======== Data for this task ========

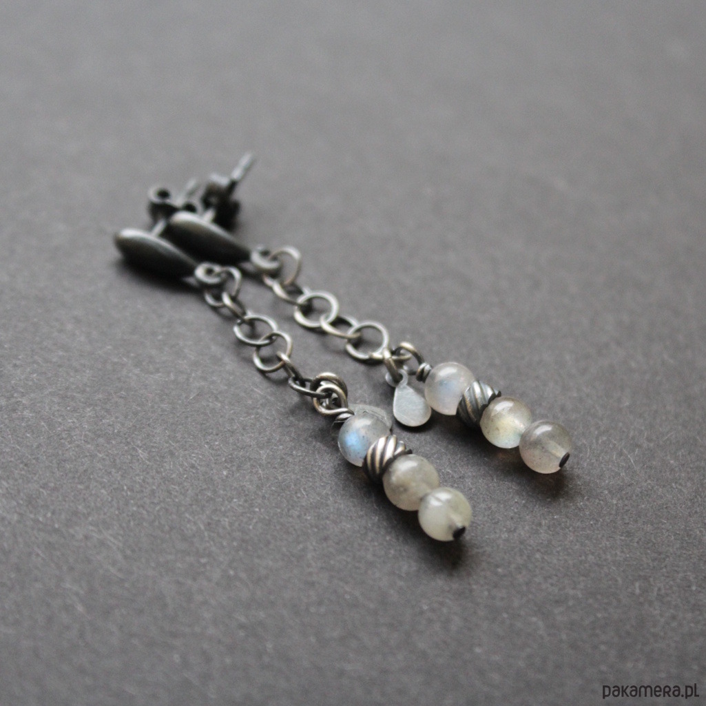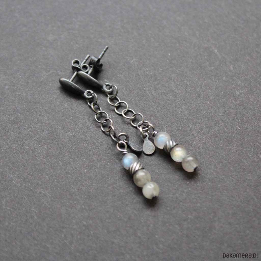Kolczyki wykonane zostały z oksydowanego srebra próby 925 oraz pięknych labradorytów wielkości 0,4 cm.
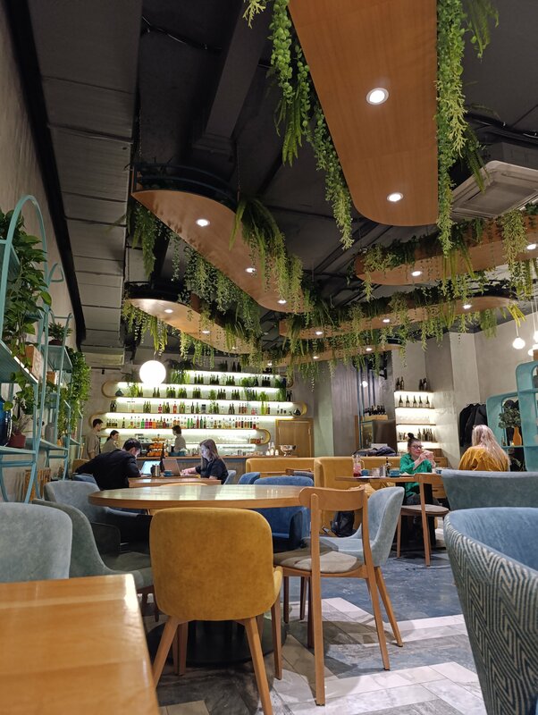 В целом в заведении приятно находится, хороший сервис — если вы туда идете поболтать, провести время; если идете кушать, то еда пустая, вроде все красиво выглядит, тарелка не пустая но вкуса практически у блюда нету — будто сэкономили на ингредиентах. Дополнение: ел суп куриный (бульон пустой как похлёбка), тальятелле с курицей (паста была альденте и достаточно не комфортно ее было есть (хотя даже альденте не должна вызывать дискомфорт при еде), соуса была мало а вот к самой курице вопросов нету), салат на лепешке (вот он прям супер вкусный был, лепешка ещё такая воздушная и все ингредиенты не перебивали друг друга а лепешка своей нейтральностью просто заполняла все пустоты), и белый чай (он прям супер слабый был, вот лучше бы пакетированный принесли, на мой ответ что чай пустой - ответили просто "он просто заварочный"; как пример чай в ту же цену в Тан Жен это Ду Хан Пао и он действительно даёт терпкий вкус в начале и древесный вкус во рту после глотка).
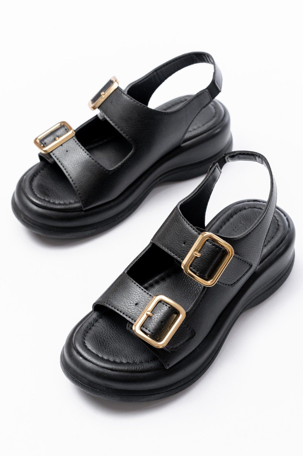 Kaji Siyah Cilt Çift Tokalı Sandalet
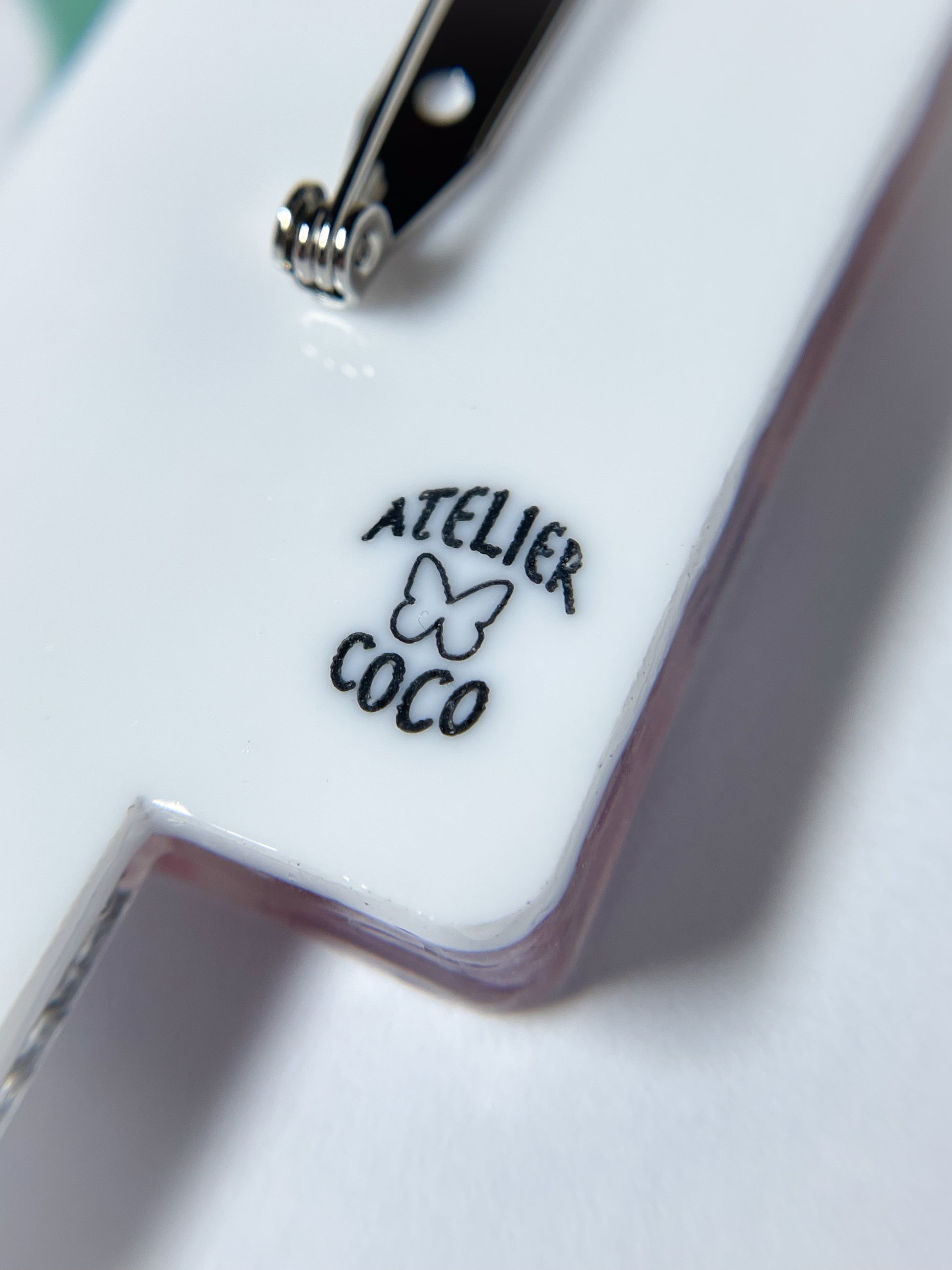 Original design by a Japanese accessory artist Coco and each brooch has the "ATELIER COCO" logo on the back.
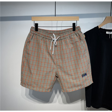 何尚 原创潮牌复古格子休闲短裤男薄ins潮流美式系带纯棉五分裤子
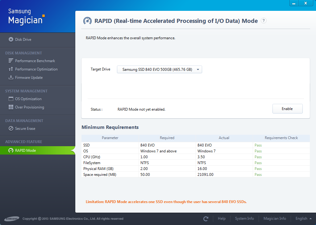 För att kunna använda Rapid så krävs ingen särskild hårdvara. Men först och främst så måste man ha en Samsung-SSD av nyare modell. Initialt så är det endast 840 Evo som fungerar men vi har fått bekräftat att även 840 Pro kommer att få stöd. Troligtvis kommer alla framtida modeller av Samsungs SSD-enheter också att stödjas. Det finns också en del begränsningar som gör att det inte är möjligt för alla att använda det (se punktlista här nedanför). Sedan krävs det att man installerar Samsung Magician version 4.2 (som ännu inte är släppt officiellt). I Magician så kan man enkelt slå på Rapid med en knapp. Efter det så är det endast en omstart som kärvs, och sedan är man igång. Installationen är mycket simpel och Magician har faktiskt vuxit till sig och blivit ett bra programvara som håller reda på din SSD åt dig. Förutom detta så är det några saker man bör tänka på innan man sätter igång.

========

- What this task involves:
Only an exact copy of the records counts as an answer. Leave out the images.

- Answer box:
Kolczyki wykonane zostały z oksydowanego srebra próby 925 oraz pięknych labradorytów wielkości 0,4 cm.
 В целом в заведении приятно находится, хороший сервис — если вы туда идете поболтать, провести время; если идете кушать, то еда пустая, вроде все красиво выглядит, тарелка не пустая но вкуса практически у блюда нету — будто сэкономили на ингредиентах. Дополнение: ел суп куриный (бульон пустой как похлёбка), тальятелле с курицей (паста была альденте и достаточно не комфортно ее было есть (хотя даже альденте не должна вызывать дискомфорт при еде), соуса была мало а вот к самой курице вопросов нету), салат на лепешке (вот он прям супер вкусный был, лепешка ещё такая воздушная и все ингредиенты не перебивали друг друга а лепешка своей нейтральностью просто заполняла все пустоты), и белый чай (он прям супер слабый был, вот лучше бы пакетированный принесли, на мой ответ что чай пустой - ответили просто "он просто заварочный"; как пример чай в ту же цену в Тан Жен это Ду Хан Пао и он действительно даёт терпкий вкус в начале и древесный вкус во рту после глотка).
 Kaji Siyah Cilt Çift Tokalı Sandalet
 Original design by a Japanese accessory artist Coco and each brooch has the "ATELIER COCO" logo on the back.
 何尚 原创潮牌复古格子休闲短裤男薄ins潮流美式系带纯棉五分裤子
 För att kunna använda Rapid så krävs ingen särskild hårdvara. Men först och främst så måste man ha en Samsung-SSD av nyare modell. Initialt så är det endast 840 Evo som fungerar men vi har fått bekräftat att även 840 Pro kommer att få stöd. Troligtvis kommer alla framtida modeller av Samsungs SSD-enheter också att stödjas. Det finns också en del begränsningar som gör att det inte är möjligt för alla att använda det (se punktlista här nedanför). Sedan krävs det att man installerar Samsung Magician version 4.2 (som ännu inte är släppt officiellt). I Magician så kan man enkelt slå på Rapid med en knapp. Efter det så är det endast en omstart som kärvs, och sedan är man igång. Installationen är mycket simpel och Magician har faktiskt vuxit till sig och blivit ett bra programvara som håller reda på din SSD åt dig. Förutom detta så är det några saker man bör tänka på innan man sätter igång.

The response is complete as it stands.